Autrement plus ambitieux que sa Grande Muraille, Yimou reste pour autant dans le film à gros budget tout en étant désireux d’expérimenter sur la forme. Il en résulte une œuvre un brin schizophrénique, entre recherche plastique, drame psychologique virant dans la tragédie, réflexion sur le pouvoir et les apparences et film d'action. Il y a sans doute une inspiration à chercher chez Kagemusha pour ce mélange de relecture shakespearien et d'histoire locale (ici, un épisode des Trois Royaumes). Ca vaut aussi pour les comédiens où l'on a par moment l'impression qu'ils sont sous l'influence du jeu halluciné de Testuya Nakadai (même si le résultat est plutôt inégal)

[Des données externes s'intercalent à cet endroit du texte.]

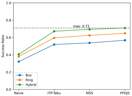 To comprehensively evaluate the performance of our algorithm, it is compared with the naive algorithm, greedy algorithm, Tabu-ITP algorithm, and MSS algorithm across three metrics: scheduling success ratio, execution time, and resource utilization. Figure 4 and Figure 5 show the scheduling success ratios of each algorithm under bus, ring, and hybrid network topologies without considering path constraints, under the conditions of 500 and 800 flows, respectively. The FPOJS algorithm achieves higher scheduling success ratios compared to other algorithms in different topologies and scheduling scales.
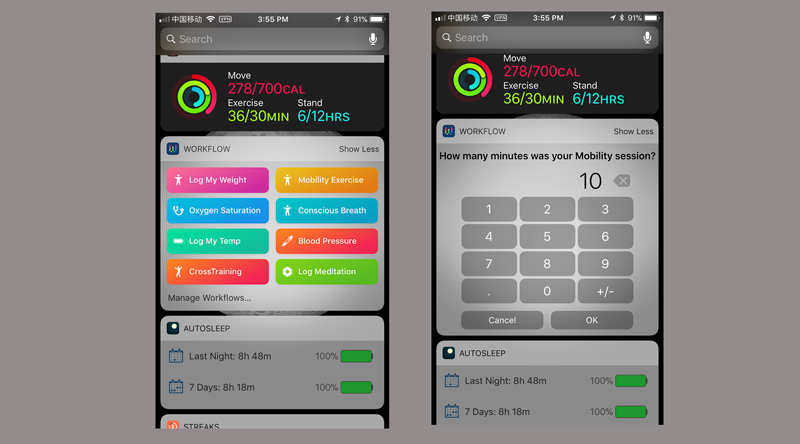 (NOTE: Creating a Custom Workflow in Workflow on iOS is quite simple. The easiest way is to clone an existing one for workouts and modify the text and workout type logged.)

La première moitié est ainsi une longue mise en place très statique, et pas forcément très clair dans ses enjeux, où le cinéaste symbolise les travers de ce royaume par une direction artistique radicale privilégiant les teintes noir et blanc et la désaturation, les décors en tissus à moitié transparents et des costumes qui reproduisent les calligraphies et peintures traditionnelles dont l'encre se serait délité.
C'est donc visuellement somptueux même si comme je le disais son maniérisme frôle l'académisme, l'histoire n'est pas des plus limpides ou qu'il faut du temps pour rentrer dans l'histoire et apprécier les tensions et manipulations psychologiques.
C'est donc finalement au travers de l'action que l'histoire se révèle, preuve que les scènes de combats ne sont pas gratuites et sont au contraire bien intégrées au récit, en développant les thèmes de la dualité (Ying et Yang et donc masculinité/féminité) avec en plus des techniques martiales inédites, très graphiques et bien mises en scènes.
La dernier acte synthétise les deux courants où l'on perd en subtilité et finesse ce qu'on gagne en ambiguïté.

Pas sur que les détracteurs de sa seconde période y trouve leur compte mais ceux qui apprécient Hero (et dans une moindre mesure le secret des poignards volants pour ma part) peuvent s'y pencher sans crainte. C'est plus intéressant, et parfois passionnant, que pleinement réussi mais c'est rassurant de savoir que Zhang Yimou essaie de sortir du moule et refuse la facilité.



Il y a le logo métropolitan avant le film donc j'imagine que ça devrait sortir prochainement en salles et/ou en vidéo chez nous.